There are hundreds of articles out there about the importance of eating sustainably-produced foods. But while a lot of these give good reasons when it comes to why, they aren’t very clear about how or what. Maybe they include a few tips here and there, but they don’t really help when you’ve got a hungry family to cook dinner for and you’re on your way to the grocery store.
With that in mind, we’ve put together a guide to help you put a healthy, environmentally-friendly dinner on the table. Start with a main of sustainable fish (health professionals recommend you eat two servings per week). Get out your shopping list—here’s what you’ll need:
1. The Fish, of Course
Sustainable fish is the first step for a sustainable fish dinner. Take a trip down to your local market to see what’s in season. Or next time you’re in the grocery store, check for packaged fish that is certified by organizations such as the Aquaculture Stewardship Council, the Global Aquaculture Alliance or Oceanwise. Regal Springs is approved by several industry certifiers.
Tilapia is a great choice for any cook looking for sustainable and delicious fish. It has a light taste that naturally complements many flavors. Sustainable Tilapia from Regal Springs is raised with pristine water conditions, in lakes with natural currents and on primarily vegetable-based feed. It’s better to buy sustainable seafood that’s imported than unsustainable seafood that’s local—even if it means breaking your 100-mile diet.
Forage fish (small fish that are often prey for larger fish) are a sustainable option as well. Some examples are herring, sardines and anchovies. Do your research before you buy fish to make an educated and sustainable decision.
2. Olive Oil
Whether you’re pan-frying your fish or covering it with a delectable dressing before baking it in the oven, you’ll probably want to use oil. Extra virgin olive oil is a popular option due to the mild scent and taste. It’s made without heat processing, deodorizing or chemical solvents used in other types of oils.

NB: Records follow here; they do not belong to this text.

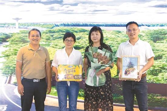 徐闻果农的代表为黎小军(右二)送上菠萝花束、菠萝烤鱼和创意画
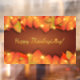 Pretty picture of Fall leaves with Happy Thanksgiving message, is featured on this window cling for Thanksgiving. This will enhance your windows for the Thanksgiving holiday! Sticks to glass surfaces electro-statically so it can be removed and used over again. A great and easy way to decorate your home for Thanksgiving!
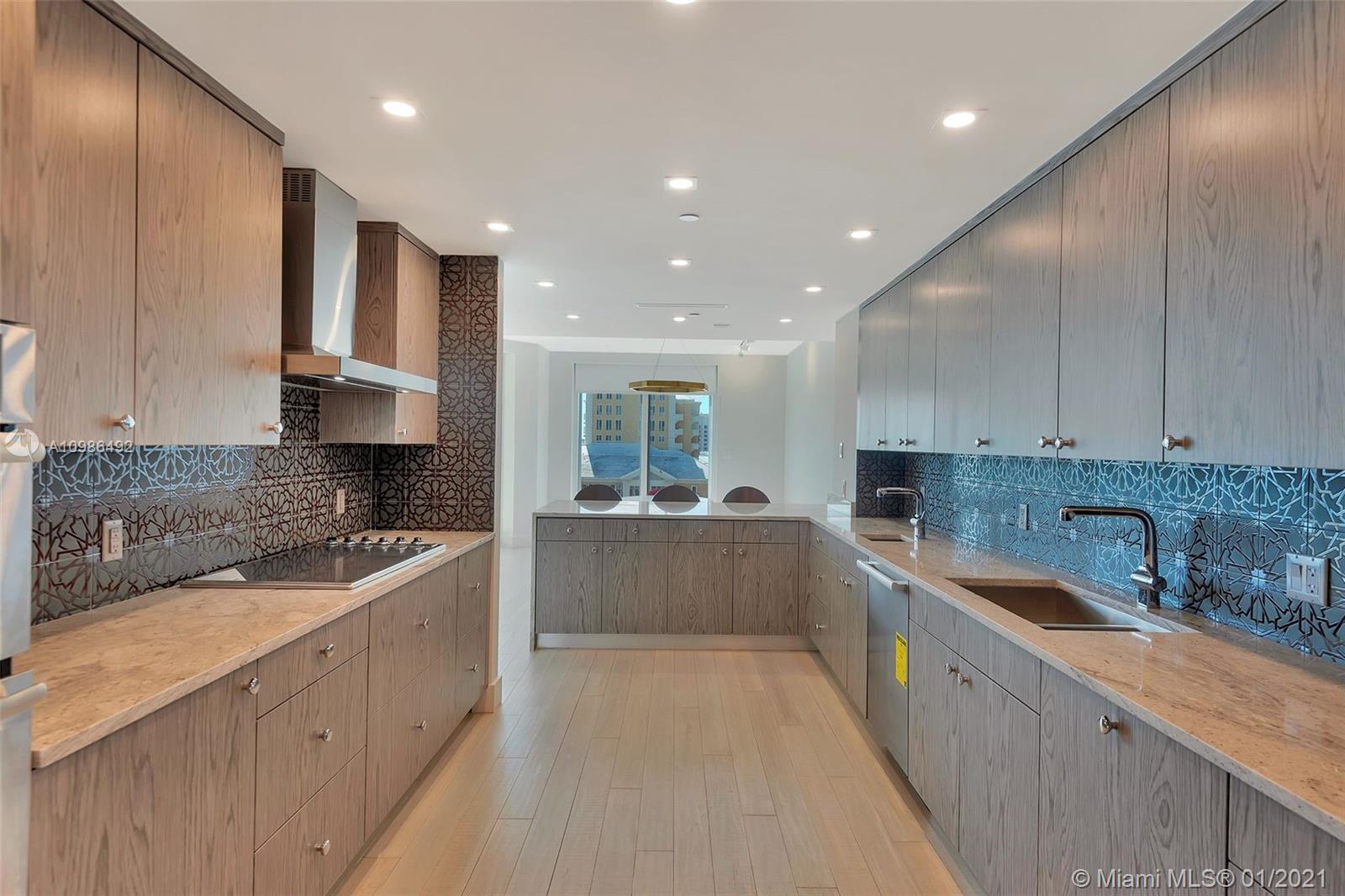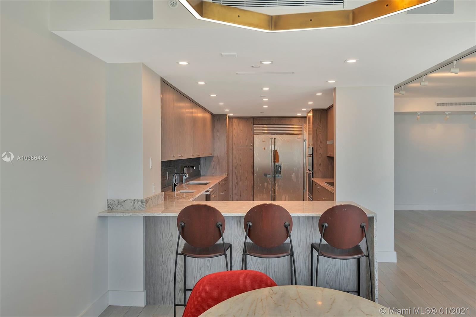 Move right into this beautifully completely updated 3/4.5 flow through high floor unit at Grand Bay Tower. This unit features the highest quality materials throughout. New kitchen with top of the line appliances including Sub Zero and Viking. Surround system throughout the apartment with Lutron LED lights and remote shades. Unit has white washed wood flooring throughout with marble bathrooms. All the electrical, plumbing, and AC systems have been redone. Soundproofing has also been added to the bedroom walls for extra privacy. This unit has Bay, Ocean, and City Views. Now includes a lobby level guest/staff suite.

Professional chefs swear by extra virgin olive oil for everything from sauces to sautés. If you want a more cost-effective option, cook your fish in olive oil and then finish the dish with a drizzle of extra virgin olive oil.
From an environmental point of view, olives are considered a low-impact crop: the trees continue to produce lots of fruit even in dry weather and arid climates.
You have probably chopped an onion before and found your eyes watering within seconds. That odor comes from sulphur compounds in the vegetable, and it helps keep insects away. As a result, farmers don’t have to spray pesticides on their onion crops. That’s good news for you and the planet.
4. DIY Herbs
Head to the grocery store and buy a small container of rosemary, basil or parsley. Or, try growing herbs yourself for an abundant, sustainable supply. Having an assortment of herb plants in your kitchen and garden is a great way to start—they’re fragrant, pretty and low cost.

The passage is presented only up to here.